For about $12 an hour, the father of two spent his days in a windowless Rust Belt office, making hundreds of calls to harangue people about overdue hospital and medical bills. The boiler-room pressure numbed him to their suffering, he says.
“People tell you all the time why they can’t pay, and your quotas and call time make you just think, ‘Yeah, lady, hurry up, I don’t care if this is your second round of chemo, I just want to get to the payment part,’” said Jones, who was in his mid-30s at the time.

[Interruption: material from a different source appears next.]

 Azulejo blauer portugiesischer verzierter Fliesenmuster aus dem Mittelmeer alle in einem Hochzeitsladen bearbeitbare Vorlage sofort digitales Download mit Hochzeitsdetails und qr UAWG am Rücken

Jones—who asked No Patient Left Behind to use a pseudonym and few personal details because he signed a nondisclosure agreement—landed a job in a family-owned firm through a temp agency in late September 2019. In March 2020, the office closed as the pandemic hit and hospitals called off collections.

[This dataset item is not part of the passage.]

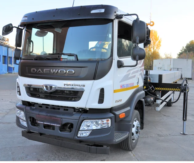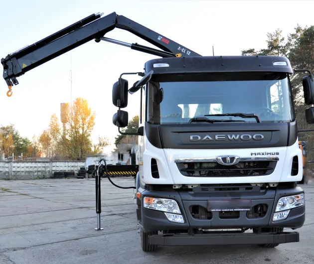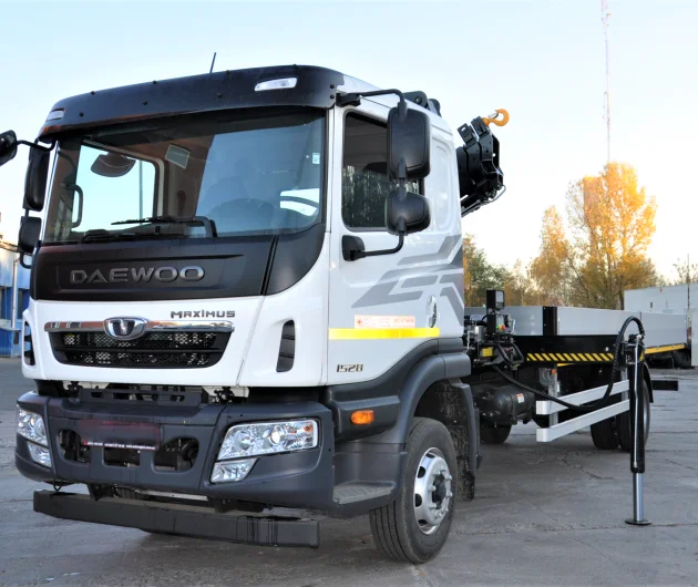 Daewoo Maximus обладнаний зручним бортом з відкидними секціями, стабільними опорами, сучасною гідравлічною системою і надійним дизельним двигуном. КМУ HIAB встановлюється за кабіною, що забезпечує оптимальний розподіл ваги та зручність роботи.

He says he found his inside look at America’s medical debt crisis depressing.
Nearly one in five Americans has medical debt in collections, totaling at least $140 billion, according to a recent study in the Journal of the American Medical Association (JAMA). That doesn’t include the untold—and uncalculated—billions paid by credit cards, put on installment plans, settled by court order or discharged in bankruptcy. Indeed, medical debt accounts for about 60 percent of U.S. bankruptcies.
But debt collectors say media stories profiling unfortunate people overwhelmed by medical debt often make them scapegoats for systemic problems in American healthcare.

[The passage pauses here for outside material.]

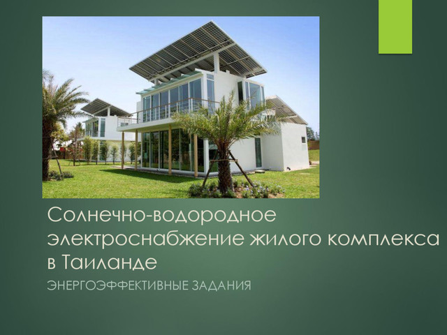 Немецкий разработчик альтернативных систем электроснабжения Sebastian-Justus Schmidt в настоящее время проводит эксперимент в Таиланде, где основанная им компания CNX Construction возвела жилой комплекс Phi Suea, в котором впервые в мире применена гибридная система, использующая солнечную энергию и водород, для полностью автономного электроснабжения комплекса.

“You know the debt collector really gets a bad rap, right?” said Jan Stieger, director of the Receivables Management Association International (RMAI), a trade group representing companies that purchase and collect debt. “In my mind, the negative press blames a segment that has nothing to do with what’s causing the problem.”
Jones’ boss had a sign in his office that read, “The beatings will continue until morale improves.”
That set the workplace tone, he says. There was constant turnover. His team of eight collectors usually had five. (His longest-tenured coworker was a pastor, which Jones found ironic.) That’s normal: Large collection firms report annual turnover of 75 to 100 percent, according to the Consumer Finance Protection Bureau (CFPB).
During his weeklong training, Jones was told that everyone he called would lie. Some did. A few cussed him out. Most sent his calls to voicemail. But the people he did speak with—many insured but crushed by copays and high deductibles or facing bills from out-of-network providers—were usually willing to work with him, he says.
“People take pride in taking care of themselves and honoring debts,” Jones said. “Even if they can’t pay it all, they’ll pay something.”
After debts had been in collections for the legally required 180 days, his company reported them to the credit agencies. Then, if the debts were large enough—more than $800, he says—one of the law firms the company partnered with got involved.
Three or four times a day, Jones says, he asked the office’s legal adviser to initiate a legal claim. For medical collections agencies—most work on commission—lawsuits and property liens are close to guaranteed money. Judgments can lead to wage garnishment, while liens secure an eventual payday.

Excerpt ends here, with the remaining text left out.